The Casey decision said states may not place undue burdens on the constitutional right to abortion before fetal viability. Undue burdens, it said, included “unnecessary health regulations that have the purpose or effect of presenting a substantial obstacle to a woman seeking an abortion.”

Justice Anthony Kennedy helped write the controlling opinion in Casey, and his vote will likely be crucial in the new case, Whole Woman’s Health v. Cole, No. 15-274. The future of abortion rights in the U.S. probably rests in his hands, given the deadlock on the court between conservatives and liberals.

The case is a challenge to a Texas law that would leave the state with about 10 abortion clinics, down from more than 40.

Such a change, the abortion providers who are plaintiffs in the case told the justices, would have a vast impact. “Texas is the second-most-populous state in the nation — home to 5.4 million women of reproductive age,” they wrote in their brief urging the court to hear the case. “More than 60,000 of those women choose to have an abortion each year.”

The case concerns two parts of a state law that imposes strict requirements on abortion providers. It was passed by the Republican-dominated Texas Legislature and signed into law in July 2013 by Rick Perry, the governor at the time.

One part of the law requires all clinics in the state to meet the standards for “ambulatory surgical centers,” including regulations concerning buildings, equipment and staffing.

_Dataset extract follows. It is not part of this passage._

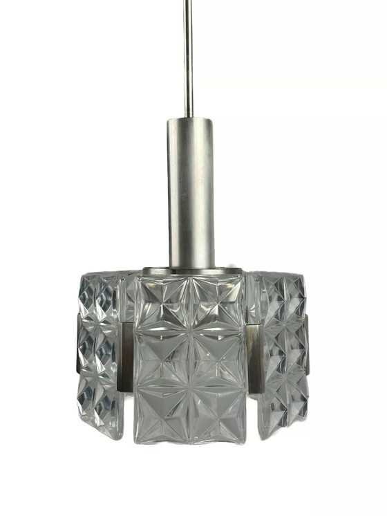 Lampadario da soffitto anni '60 anni '70 Hillebrand Leuchten Germany vetro metallo

The other requires doctors performing abortions to have admitting privileges at a nearby hospital.

Officials in Texas said the contested provisions were needed to protect women’s health. Abortion providers responded that the regulations were expensive, unnecessary and intended to put many of them out of business.

The measures were modest and sensible, Ken Paxton, Texas’ attorney general, said Friday. “The state has wide discretion to pass laws ensuring Texas women are not subject to substandard conditions at abortion facilities,” Paxton said.

Nancy Northup, president of the Center for Reproductive Rights, which brought the Texas challenge, said officials in Texas had used “deceptive laws and regulatory red tape” to block access to abortion.

Parts of the law not at issue before the Supreme Court have caused about half the state’s 41 abortion clinics to close. If the contested provisions take effect, the challengers’ brief said, the number of clinics would again be halved.

Amy Hagstrom Miller, president of Whole Woman’s Health, the lead plaintiff, said that “would have devastating effects on women and families around the state.”

The remaining clinics would be clustered in four metropolitan areas: Austin, Dallas-Fort Worth, Houston and San Antonio.

“There would be no licensed abortion facilities west of San Antonio,” the challengers’ brief said. The only clinic south of San Antonio, in McAllen, it added, would have “extremely limited capacity.”

The lower courts are divided over whether they should accept lawmakers’ assertions about the health benefits of abortion restrictions at face value or investigate to determine whether the assertions are backed by evidence.

In June, a panel of the 5th U.S. Circuit Court of Appeals, in New Orleans, largely upheld the contested provisions of the Texas law, using the more deferential approach.